ASSIGNED TASK —
Pictures left aside, return the lines below exactly, from the one with "川の氾濫やゲリラ豪雨に活躍する車両(排水ポンプ車 農林水産省)" to the end, including both ends.

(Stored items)
——————————

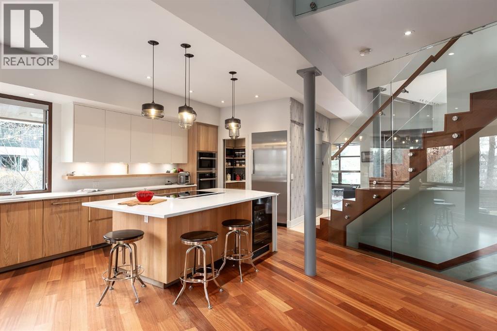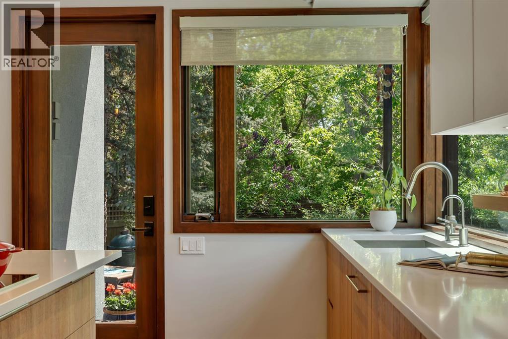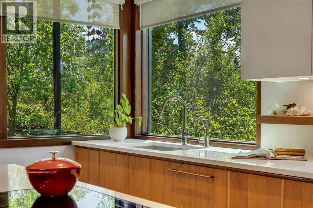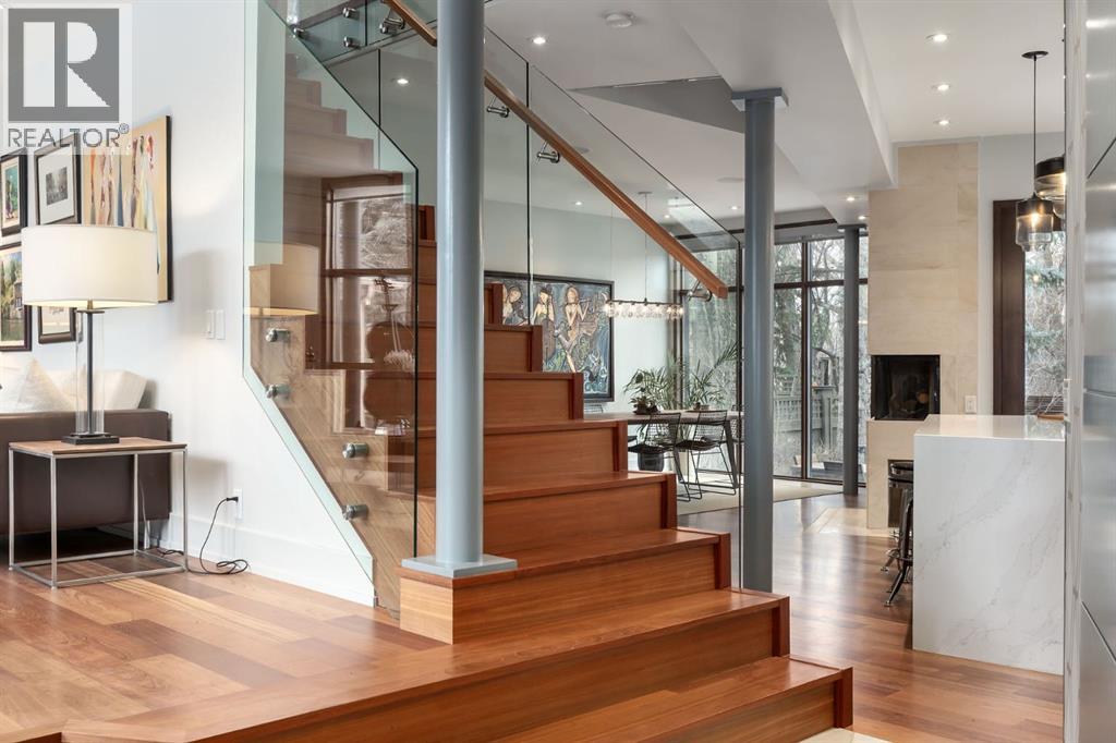 Opportunity awaits - Nestled along Rideau Road, this rare offering combines history, nature, and modern luxury— in a rare river & park adjacent location. Opportunities like this in Rideau Park are few and far between, making this home a truly one-of-a-kind find.Inside, Brazilian cherry hardwood floors set the tone for timeless elegance. The main floor is designed for both connection and privacy, with a central glass staircase anchoring the layout. Enjoy the front library/den, an elegant living room, or dining with a view of the trees.The Porcelanosa kitchen is a showpiece—flooded with natural light and overlooking the park and river. Outfitted with a full Miele appliance package, induction cooktop with hidden hood, beverage center, walk-in pantry, and Porcelanosa finishes, it’s both functional and striking. A floor-to-ceiling window and wood-burning fireplace create a warm dining atmosphere.Upstairs, the southwest-facing primary retreat offers vaulted ceilings, a private balcony with river views, spa-like ensuite with natural stone, walnut cabinetry, heated floors, soaker tub, walk-in shower, and custom wardrobe system. Two additional bedrooms complete this level—one with cheater ensuite and steam shower, the other with rare river views.The finished basement includes a gym, rec room, 4th bedroom, full bath, laundry with sink, storage, and access to the front attached garage.The backyard flows seamlessly into one of Calgary’s most scenic parks, with the Elbow River Pathway just outside your door. Whether for morning jogs or evening strolls, this location is unmatched for lifestyle and connection to nature.Rooted in legacy, Rideau Park is one of Calgary’s most prestigious communities, once home to CHCT-TV’s first studios. Rarely do homes of this caliber on Rideau Road come to market—this is more than a home, it’s a once-in-a-generation opportunity to own a piece of Calgary’s history in an irreplaceable location. (id:53676)
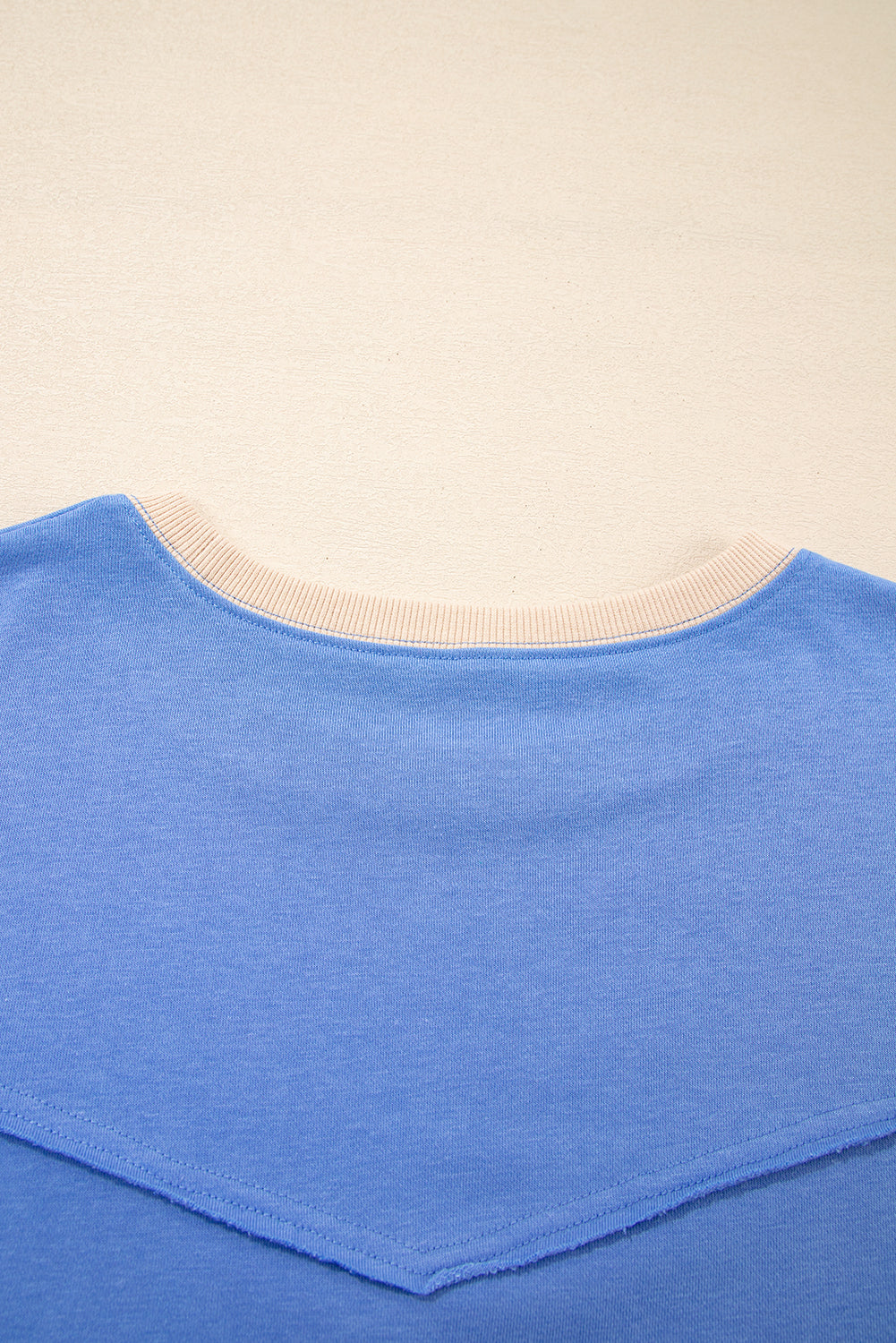 Experience comfort and style with this plus size top. This is a relaxed long sleeve top for women. Features a mixed floral patchwork design at sleeves. It has a round neck, raw seam details, and oversize fit.
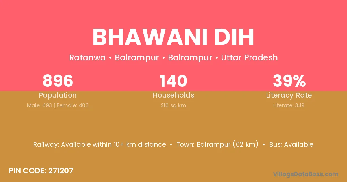 Balrampur (62 km) is the nearest town to Bhawani Dih village for major economic activities and is located approximately 62 km away.
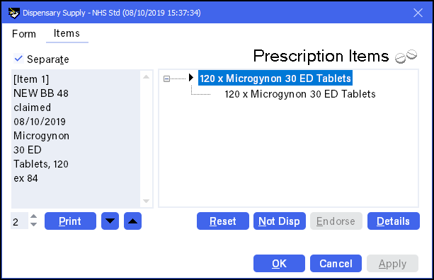 - Once a prescription is complete, providing you have set the Endorsement printing option to Always in User Details, the Dispensary Supply screen displays:
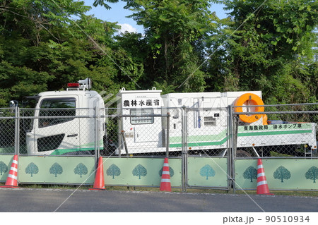 川の氾濫やゲリラ豪雨に活躍する車両(排水ポンプ車 農林水産省)
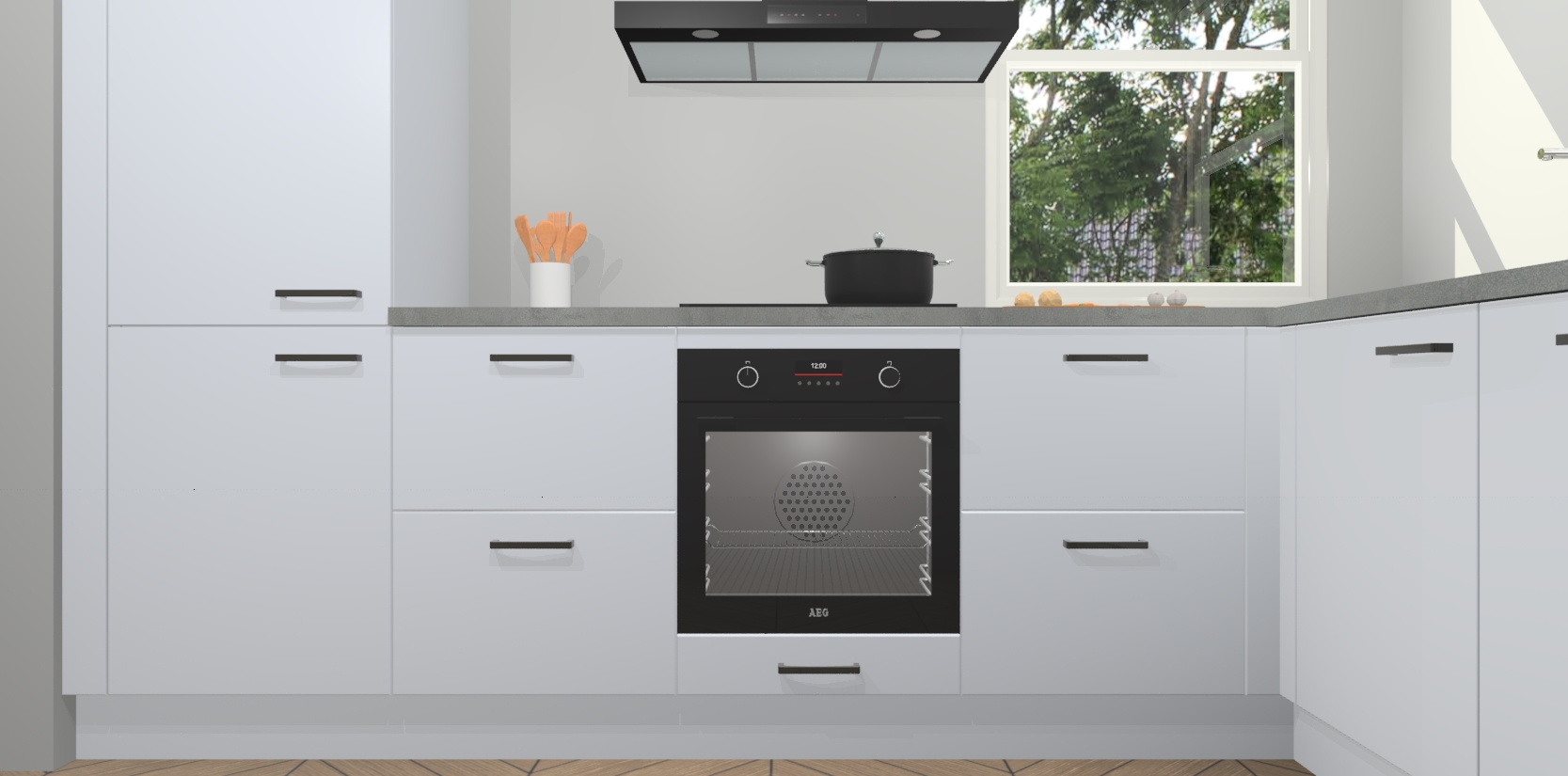 Wat maakt deze keuken zo bijzonder? Ten eerste geeft het houten werkblad uw ruimte een onmiskenbaar klassieke uitstraling. De natuurlijke afwerking roept warmte en elegantie op die nooit uit de mode zullen raken. Bovendien is het gemakkelijk schoon te houden en te onderhouden, zodat je er jarenlang plezier van kunt hebben. Als u op zoek bent naar extra gemak in uw keuken, dan heeft u bij het plaatsen van een bestelling bij ons ook de optie om uw toestellen te upgraden naar AEG-modellen - zo haalt u moderne innovatie van topmerken in apparatentechnologie rechtstreeks in huis.
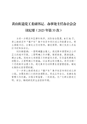 黄山街道党工委副书记、办事处主任办公会会议纪要(2023年第33次).docx

——————————

RESULT OF THIS EXERCISE —
 川の氾濫やゲリラ豪雨に活躍する車両(排水ポンプ車 農林水産省)
 Wat maakt deze keuken zo bijzonder? Ten eerste geeft het houten werkblad uw ruimte een onmiskenbaar klassieke uitstraling. De natuurlijke afwerking roept warmte en elegantie op die nooit uit de mode zullen raken. Bovendien is het gemakkelijk schoon te houden en te onderhouden, zodat je er jarenlang plezier van kunt hebben. Als u op zoek bent naar extra gemak in uw keuken, dan heeft u bij het plaatsen van een bestelling bij ons ook de optie om uw toestellen te upgraden naar AEG-modellen - zo haalt u moderne innovatie van topmerken in apparatentechnologie rechtstreeks in huis.
 黄山街道党工委副书记、办事处主任办公会会议纪要(2023年第33次).docx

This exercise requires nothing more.